Is Linked List a Palindrome

2 solutions

First solution idea is:

1) Store the node values in a list

2) Check if the list is a palindrome by checking if the reverse of the list is equivalent to the list.

Temporal complexity: O(n), Additional Space complexity: O(n)

# Solution 1
def isPalindrome(head: Optional[ListNode]) -> bool:
    tmp_list = []
    while head:
        tmp_list.append(head.val) # append node val to the list
        head = head.next
        
    # [::-1] reversed the list
    return(tmp_list[::-1]==tmp_list)

Second solution idea is:

1) Stores the first half of the Linked List in reverse order in another Linked List

2) Compare the reversed Linked List of the first half with the Linked List of the second half ([1, 2, 3, 3, 2, 1] -> reversed first half [3, 2, 1], second half: [3, 2, 1])

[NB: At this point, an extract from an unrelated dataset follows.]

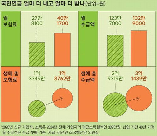 여야가 합의한 국민연금 개혁안은 보험료율과 소득대체율을 동시에 올렸다. 다만 생애 전체로 내는 돈이 더 늘어나도록 조정해 기금 고갈 시점을 9년 정도 늦췄다. 재정 안정성 제고와 소득보장 확대 사이에서 타협한 결과다.

A fast head (advancing two by two) is used to create find directly the middle of the list to create the reversed first half and to set the head of the second half Linked List at the right place.

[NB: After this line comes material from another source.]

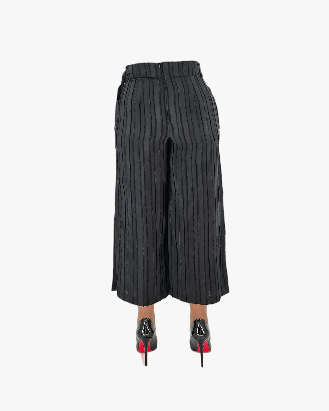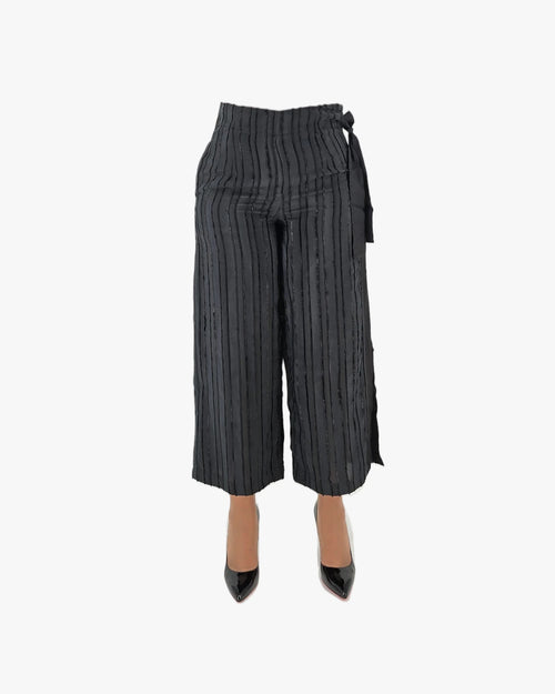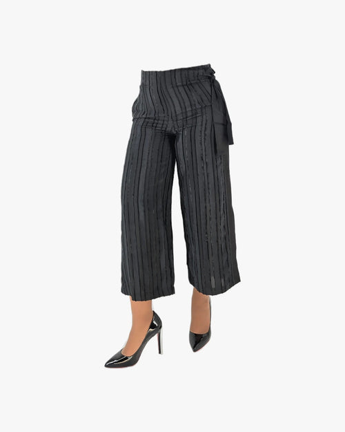 Striped Cropped Wide-Leg Trousers
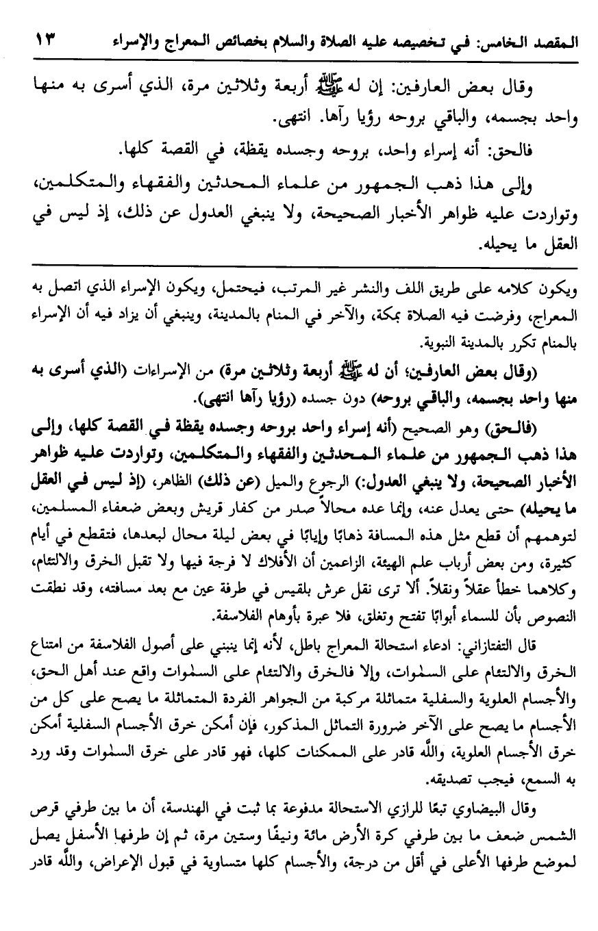 قال التفتازاني: ادعاء استحالة المعراج باطل؛ لأنه إنما ينبني على أصول الفلاسفة من امتناع الخرق والالتئام على السموات، وإلا فلخرق والالتئام على السموات واقع عند أهل الحق، والأجسام العلوية والسفلية متماثلة مركبة من الجواهر الفردة المتماثلة ما يصح على كل من الأجسام ما يصح على الآخر ضرورة التماثل المذكور، فإن أمكن خرق الأجسام السفلية أمكن خرق الأجسام العلوية، والله قادر على الممكنات كلها، فهو قادر على خرق السموات وقد ورد به السمع، فيجب تصديقه.

Temporal complexity: O(n), Additional Space complexity: O(1) (as the nodes already exist)

# Solution 2
def isPalindrome(head: Optional[ListNode]) -> bool:
    revert_half = None # revert_half that will contains the reversed first half
    fast, slow = head, head # fast will advance two by two and slow head will be set to the middle element
    
    # both fast and fast.next need to exist to advance by two
    while fast and fast.next:
        fast = fast.next.next # advance two by two
        # revert_half.next will take the value of revert_half and revert_half becomes slow
        revert_half, revert_half.next, slow = slow, revert_half, slow.next 

    # adjust the middle
    if fast:
        slow = slow.next

    # check if reversed first half and second half are equivalent
    while slow:
        # if not equivalent for a node returns False
        if slow.val != revert_half.val:
            return(False)
        revert_half, slow = revert_half.next, slow.next
        
    # Otherwise returns True
    return(True)